*Exercise objective*. Please retype the data in full and exactly; the pictures are not part of the copy.

*Dataset extract*.
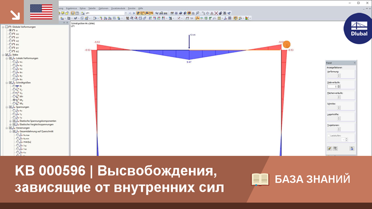 Тип нелинейности «Частичное действие» позволяет дифференцированно управлять передачей внутренних сил. В данном примере описывается защемленная рама с моментным шарниром в одном из углов. В случае превышения изгибающего момента My , равного ± 6 кНм, соединение должно деформироваться. В LC 1 этот предельный момент не достигается. Возникает симметричное распределение момента.
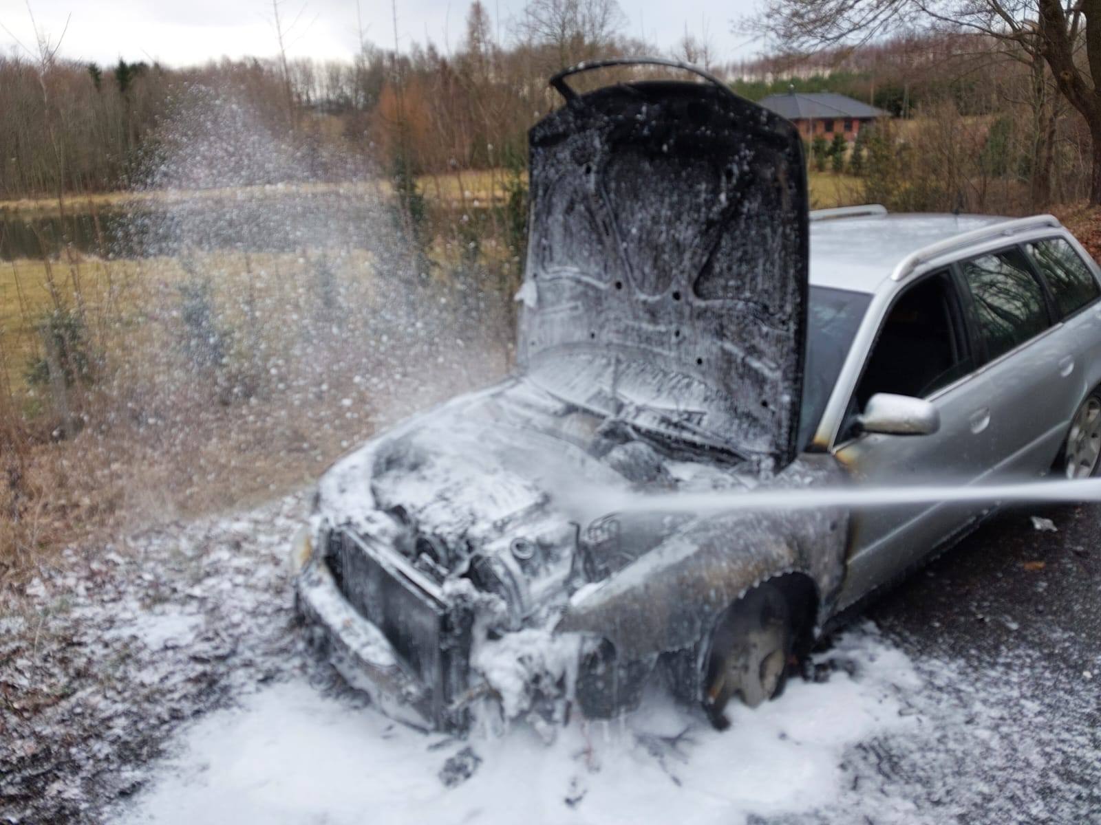 Na miejsce zdarzenia pojechały zastępy strażaków z OSP Dygowo i OSP Czernin oraz z Kołobrzegu. Jak się okazało, paliło się osobowe audi. Kierowca relacjonował, że ogień pojawił się podczas jazdy.
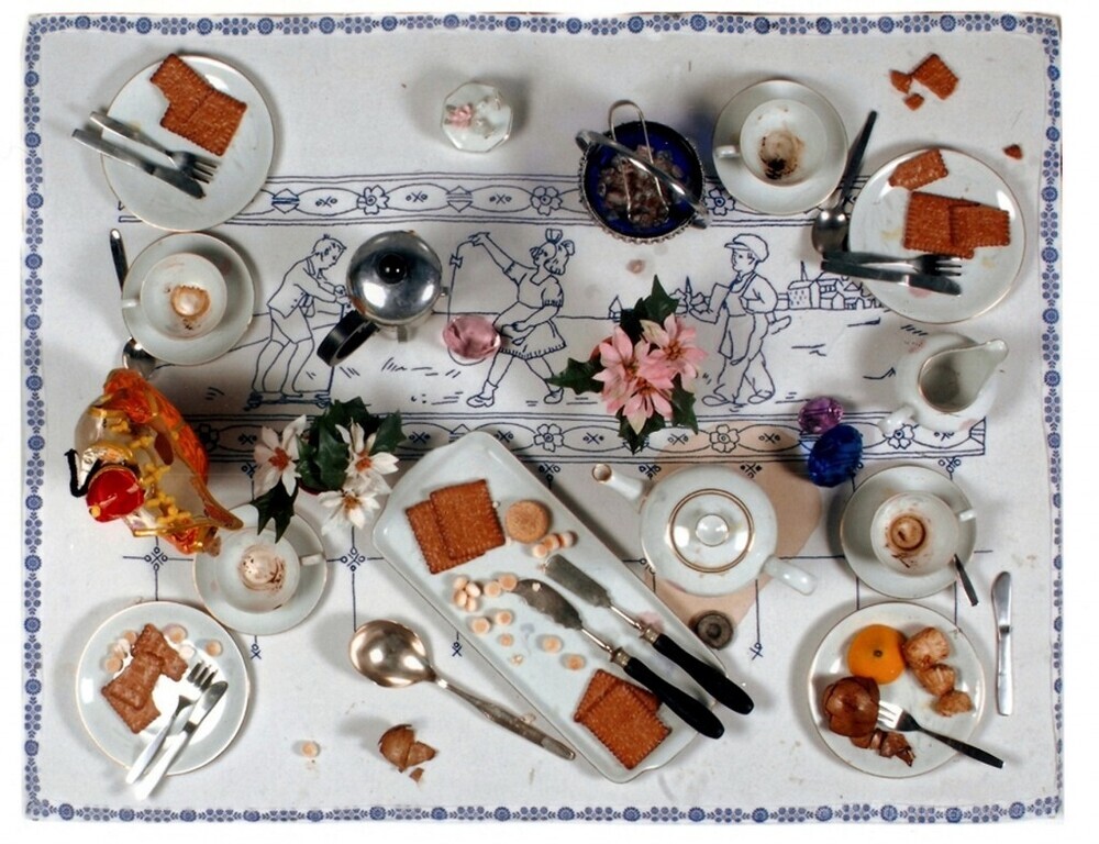 Ti offriamo una riproduzione artigianale su tela dell'opera famosa 'Immagine Rullante' di Daniel Spoerri, dal Museo delle Riproduzioni.
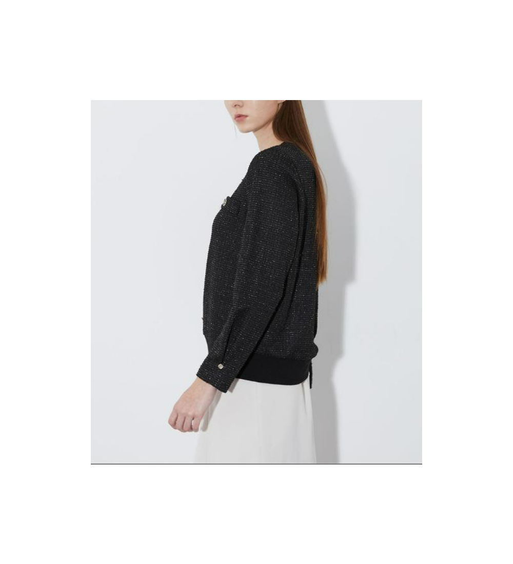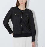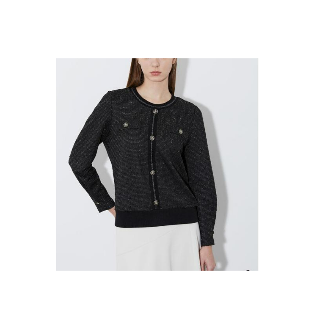 앞판에 부속과 장식단추로 가디건 형태를 갗춘 티셔츠 입니다

*Response to the exercise*.
 Тип нелинейности «Частичное действие» позволяет дифференцированно управлять передачей внутренних сил. В данном примере описывается защемленная рама с моментным шарниром в одном из углов. В случае превышения изгибающего момента My , равного ± 6 кНм, соединение должно деформироваться. В LC 1 этот предельный момент не достигается. Возникает симметричное распределение момента.
 Na miejsce zdarzenia pojechały zastępy strażaków z OSP Dygowo i OSP Czernin oraz z Kołobrzegu. Jak się okazało, paliło się osobowe audi. Kierowca relacjonował, że ogień pojawił się podczas jazdy.
 Ti offriamo una riproduzione artigianale su tela dell'opera famosa 'Immagine Rullante' di Daniel Spoerri, dal Museo delle Riproduzioni.
 앞판에 부속과 장식단추로 가디건 형태를 갗춘 티셔츠 입니다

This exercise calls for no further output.